From ee44b02f937bbf503e6be38170a3d4055a473110 Mon Sep 17 00:00:00 2001
From: Windpicker-owo <3431391539@qq.com>
Date: Sun, 9 Nov 2025 20:16:47 +0800
Subject: [PATCH] =?UTF-8?q?feat(client):=20=E4=BC=98=E5=8C=96=E8=BF=9E?=
 =?UTF-8?q?=E6=8E=A5=E6=B1=A0=E9=85=8D=E7=BD=AE=E4=BB=A5=E6=94=AF=E6=8C=81?=
 =?UTF-8?q?=E9=AB=98=E5=B9=B6=E5=8F=91embedding=E8=AF=B7=E6=B1=82=20refact?=
 =?UTF-8?q?or(request):=20=E7=A7=BB=E9=99=A4=E5=85=A8=E5=B1=80=E9=94=81?=
 =?UTF-8?q?=EF=BC=8C=E6=94=B9=E7=94=A8=E4=BF=A1=E5=8F=B7=E9=87=8F=E6=8E=A7?=
 =?UTF-8?q?=E5=88=B6=E5=B9=B6=E5=8F=91=E5=BA=A6?=
MIME-Version: 1.0
Content-Type: text/plain; charset=UTF-8
Content-Transfer-Encoding: 8bit

---
 src/llm_models/model_client/openai_client.py | 11 ++++
 src/llm_models/utils_model.py                | 60 +++++++++++---------
 2 files changed, 44 insertions(+), 27 deletions(-)

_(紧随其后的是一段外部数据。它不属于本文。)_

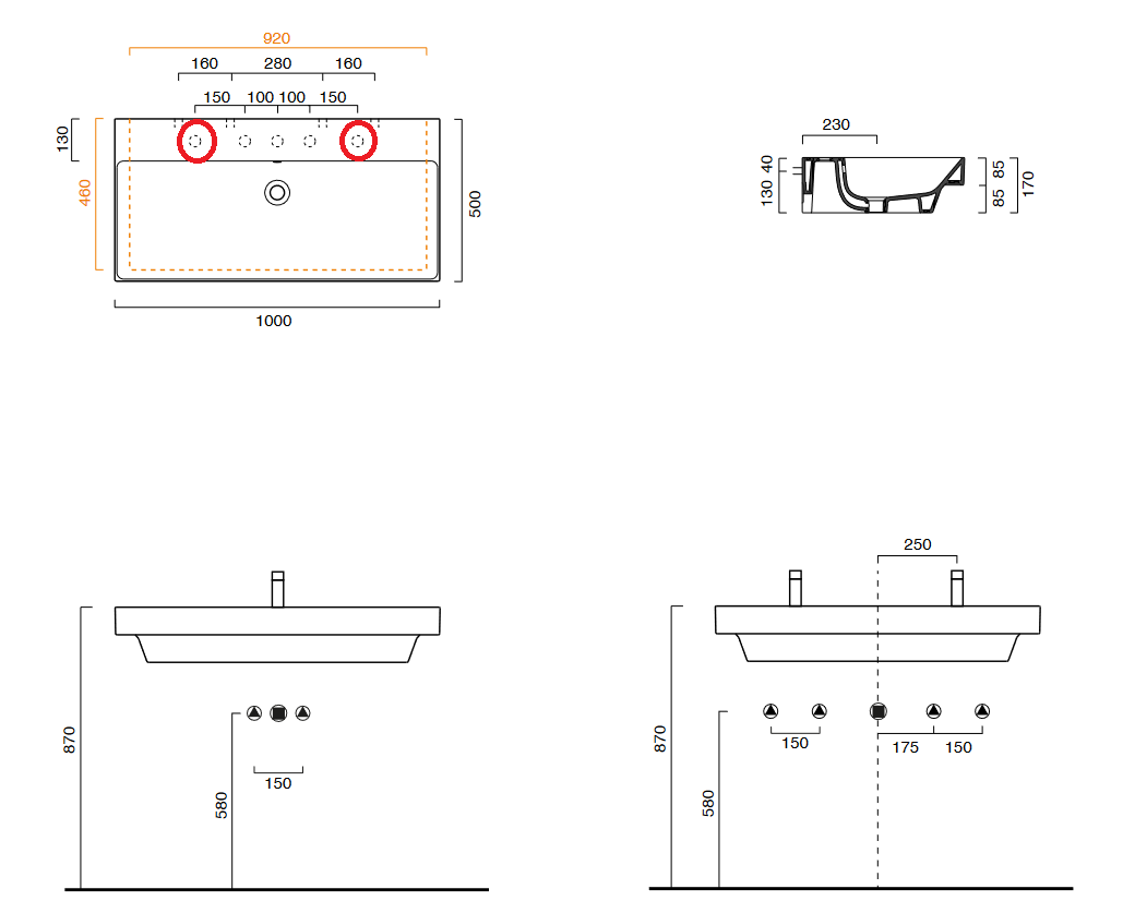 Umywalka posiada 2 skrajne otowry pod baterie.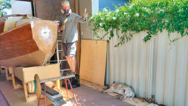 After my Australian Cattle Dog, Ozzie, had a health scar, I built a SCAMP boat, a popular dinghy cruiser design, so he could get back onto the water.
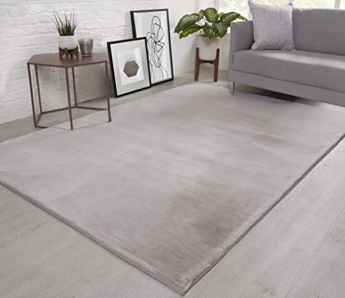 NATURAL FAUX RABBIT FUR Rug Ultra Soft Plush Extra Large Animal Rugs Living Room Wool Shaggy Fluffy 26mm Thick Pile Height Modern Area Rugs - (Silver Light Grey, 160cm x 230cm (5.5ft x 7.5ft))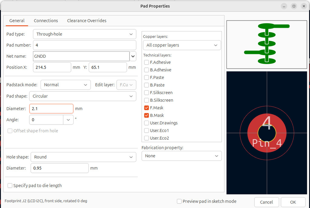 Once the design was complete, I moved on to setting the correct inner and outer diameters of the holes(2.1mm and 0.95mm), as well as adjusting other parameters. I set the clearance values to 0.4mm and the track width to 0.5 mm, connection width 0.5mm.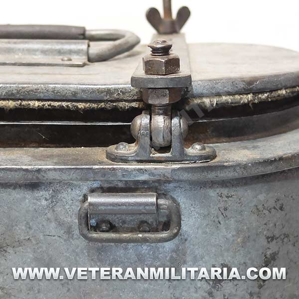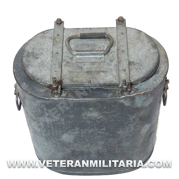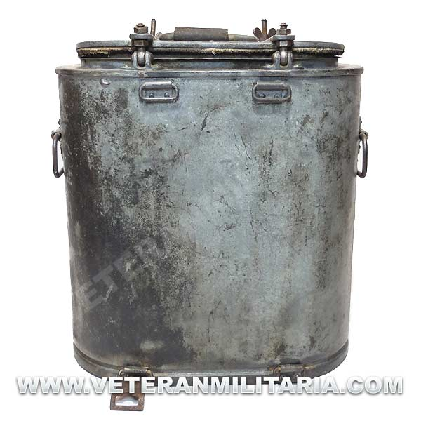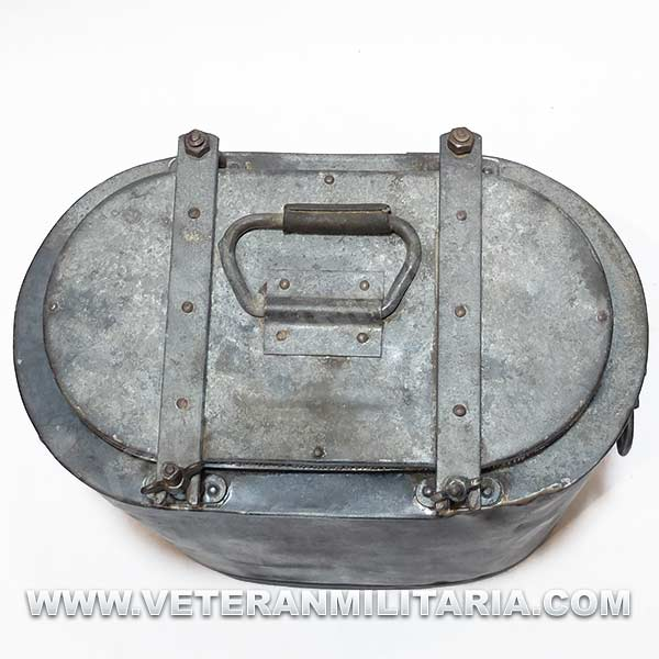 Contenedor de transporte de alimentos de la Wehrmacht de principios de guerra, marcajes 1937 y el sello Waffenamt, usado para la entrega de alimentos a las unidades de primera línea.

diff --git a/src/llm_models/model_client/openai_client.py b/src/llm_models/model_client/openai_client.py
index efa1785d9..2bf07c734 100644
--- a/src/llm_models/model_client/openai_client.py
+++ b/src/llm_models/model_client/openai_client.py
@@ -433,11 +433,22 @@ class OpenaiClient(BaseClient):
             f"创建新的 AsyncOpenAI 客户端实例 (base_url={self.api_provider.base_url}, config_hash={self._config_hash}, loop_id={current_loop_id})"
         )
 
+        # 🔧 优化：增加连接池限制，支持高并发embedding请求
+        # 默认httpx限制为100，对于高频embedding场景不够用
+        import httpx
+        
+        limits = httpx.Limits(
+            max_keepalive_connections=200,  # 保持活跃连接数（原100）
+            max_connections=300,  # 最大总连接数（原100）
+            keepalive_expiry=30.0,  # 连接保活时间
+        )
+
         client = AsyncOpenAI(
             base_url=self.api_provider.base_url,
             api_key=self.api_provider.get_api_key(),
             max_retries=0,
             timeout=self.api_provider.timeout,
+            http_client=httpx.AsyncClient(limits=limits),  # 🔧 自定义连接池配置
         )
 
         # 存入全局缓存（带事件循环ID）
diff --git a/src/llm_models/utils_model.py b/src/llm_models/utils_model.py
index 663c08a02..4599f1d8b 100644
--- a/src/llm_models/utils_model.py
+++ b/src/llm_models/utils_model.py
@@ -802,7 +802,11 @@ class LLMRequest:
             for model in self.model_for_task.model_list
         }
         """模型使用量记录"""
-        self._lock = asyncio.Lock()
+        # 🔧 优化：移除全局锁，改用信号量控制并发度（允许多个请求并行）
+        # 默认允许50个并发请求，可通过配置调整
+        max_concurrent = getattr(model_set, "max_concurrent_requests", 50)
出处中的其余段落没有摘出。